**Exercise description:**
Entries below include pictures. Output exactly the lines from the one with "The Golden Retriever" down to the one with "コーヒーカップは岡山の備前焼 お皿は伊万里の印判のなます皿", both ends included, and leave the pictures out.

Data for this exercise section start

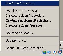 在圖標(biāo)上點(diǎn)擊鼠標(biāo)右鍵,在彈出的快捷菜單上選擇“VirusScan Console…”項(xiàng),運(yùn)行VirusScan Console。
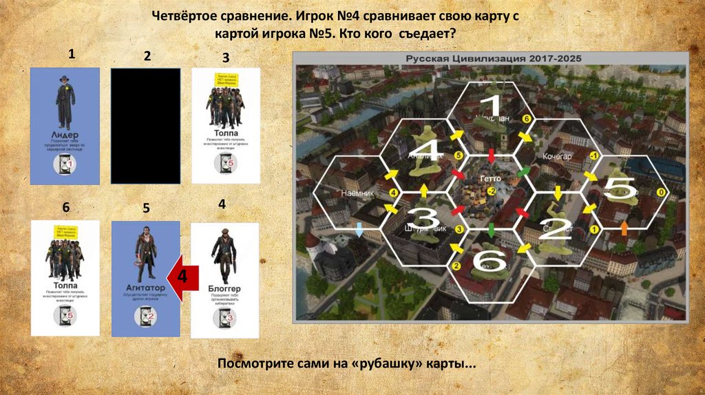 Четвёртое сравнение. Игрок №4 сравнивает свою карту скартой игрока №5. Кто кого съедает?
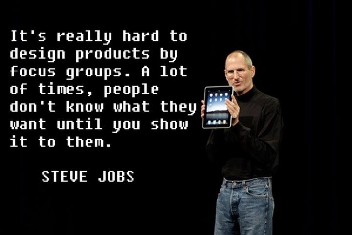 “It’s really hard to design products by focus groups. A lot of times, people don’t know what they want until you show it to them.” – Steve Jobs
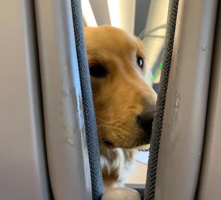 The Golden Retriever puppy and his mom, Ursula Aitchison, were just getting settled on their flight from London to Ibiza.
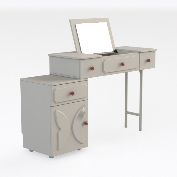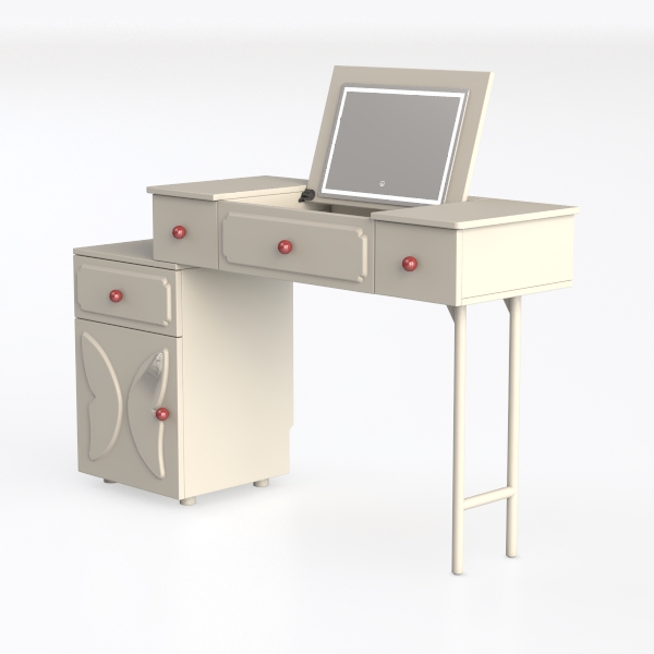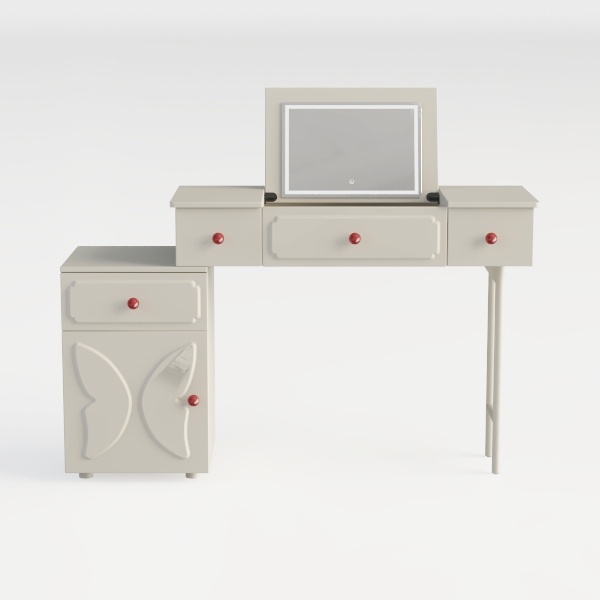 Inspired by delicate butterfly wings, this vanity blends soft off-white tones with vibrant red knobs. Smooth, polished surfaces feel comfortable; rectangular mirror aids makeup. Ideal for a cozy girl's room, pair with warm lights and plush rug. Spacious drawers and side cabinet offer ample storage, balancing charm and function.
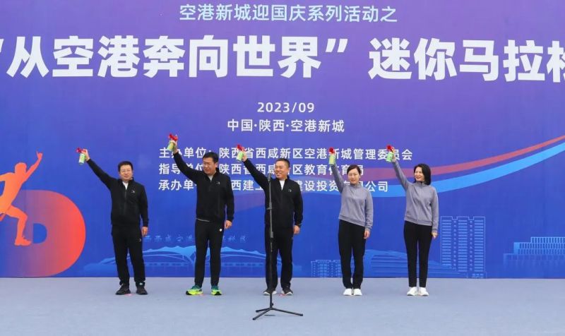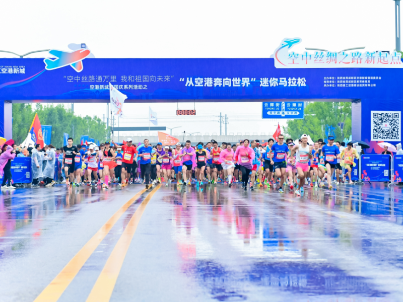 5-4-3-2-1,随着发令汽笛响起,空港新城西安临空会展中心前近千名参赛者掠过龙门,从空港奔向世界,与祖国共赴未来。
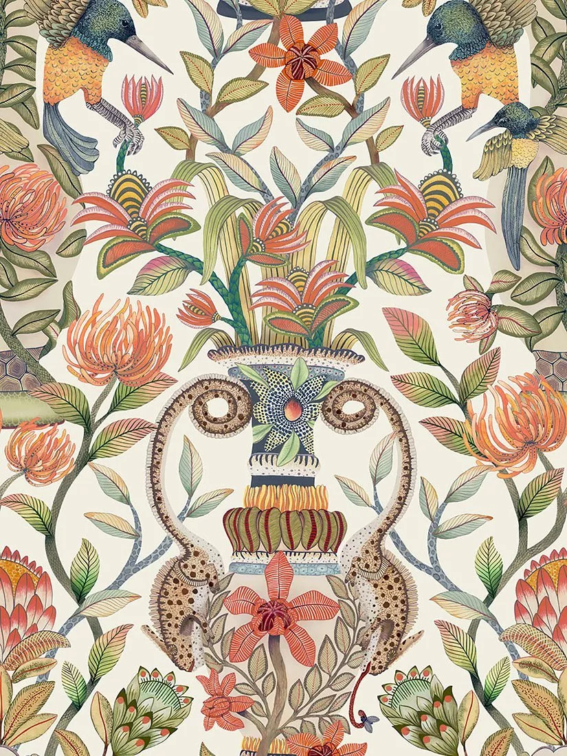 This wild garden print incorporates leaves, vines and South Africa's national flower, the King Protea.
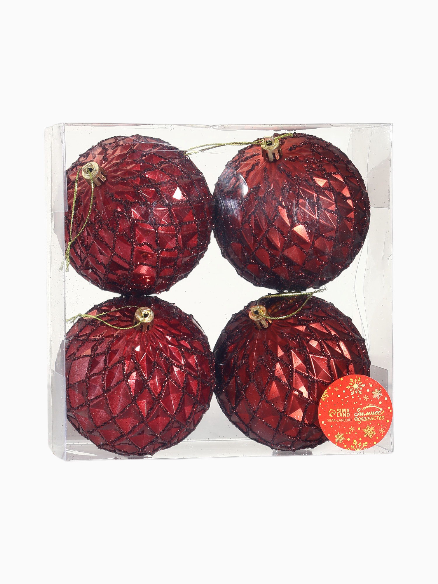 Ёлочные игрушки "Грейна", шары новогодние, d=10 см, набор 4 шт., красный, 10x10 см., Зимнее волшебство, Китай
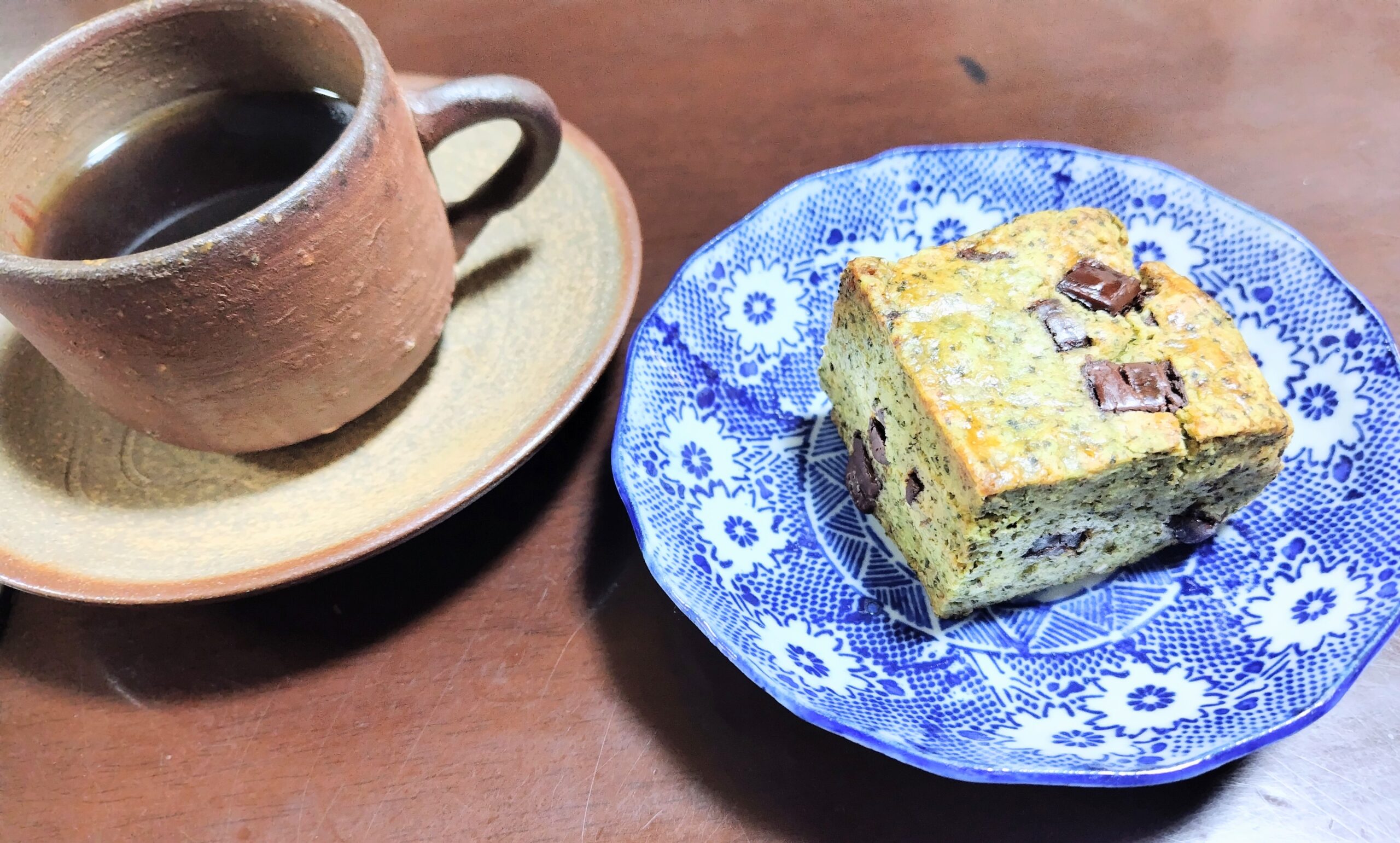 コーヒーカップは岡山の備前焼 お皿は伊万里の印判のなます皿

Data for this exercise section end
Data for this exercise section start

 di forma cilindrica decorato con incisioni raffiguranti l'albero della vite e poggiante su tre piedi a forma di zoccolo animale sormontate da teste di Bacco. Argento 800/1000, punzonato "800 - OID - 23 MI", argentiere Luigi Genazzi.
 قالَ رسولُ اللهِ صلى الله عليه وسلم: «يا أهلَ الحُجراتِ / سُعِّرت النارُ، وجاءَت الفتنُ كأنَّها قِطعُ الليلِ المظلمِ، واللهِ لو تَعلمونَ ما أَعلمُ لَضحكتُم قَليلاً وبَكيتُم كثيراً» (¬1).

Data for this exercise section end

**Solved exercise:**
 The Golden Retriever puppy and his mom, Ursula Aitchison, were just getting settled on their flight from London to Ibiza.
 Inspired by delicate butterfly wings, this vanity blends soft off-white tones with vibrant red knobs. Smooth, polished surfaces feel comfortable; rectangular mirror aids makeup. Ideal for a cozy girl's room, pair with warm lights and plush rug. Spacious drawers and side cabinet offer ample storage, balancing charm and function.
 5-4-3-2-1,随着发令汽笛响起,空港新城西安临空会展中心前近千名参赛者掠过龙门,从空港奔向世界,与祖国共赴未来。
 This wild garden print incorporates leaves, vines and South Africa's national flower, the King Protea.
 Ёлочные игрушки "Грейна", шары новогодние, d=10 см, набор 4 шт., красный, 10x10 см., Зимнее волшебство, Китай
 コーヒーカップは岡山の備前焼 お皿は伊万里の印判のなます皿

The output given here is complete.